What did you think would happen when you just let the printing pre$$es roll?

"Abe’s call for early elections in Japan prompted by fear" by Martin Fackler, New York Times  November 19, 2014

IWAKUNI, Japan — Prime Minister Shinzo Abe’s call Tuesday for early elections was prompted by fears not only that his once-vaunted program for Japan’s economic revival is failing, but also that his popularity may also suffer, analysts said.

In a live broadcast on national television, Abe declared that he would dissolve parliament later this week, and then hold national elections for the more powerful Lower House on Dec. 14. He explained the move by saying he wanted to ask voters to approve his decision to postpone a scheduled increase in the national sales tax. He warned that such increases could further hurt growth.

Abe also framed the election as a broader referendum on his economic recovery measures, known as Abenomics. “There are divided opinions about the economic policies that we are pursuing,” Abe said. “There is also resistance. To continue advancing that growth strategy with the support of the people, we need to listen to the voice of people.”

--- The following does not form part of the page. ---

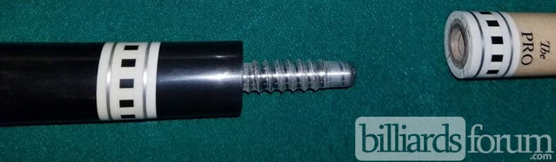 | Shaft: | Comes standard with TWO Meucci The PRO shafts. Other shafts available upon request. For example, Meucci Cues and Budget cues websites both suggest a specially built THE PRO extreme low deflection shaft with a G10 3/8x10 pin and a 1/2 Inch Ferrule. |

We just had a guy and his party get his butt beat after saying that, and then he didn't listen anyway.

Political analysts said the call for an election was an admission by Abe that Abenomics, intended to pull Japan out of its two-decade slump, was losing steam. The program, a mix of more government spending and aggressive pumping of cash into the economy by the central bank, spurred an economic recovery, lifted the stock market, and won praise as a potential model for other developed economies. In Washington last year, Abe proudly proclaimed, “Japan is back.”

Now it appears that he spoke too soon. One problem, economists say, is that Abe failed to use the upturn as a chance to push through painful market-opening moves and structural changes needed to make the recovery last.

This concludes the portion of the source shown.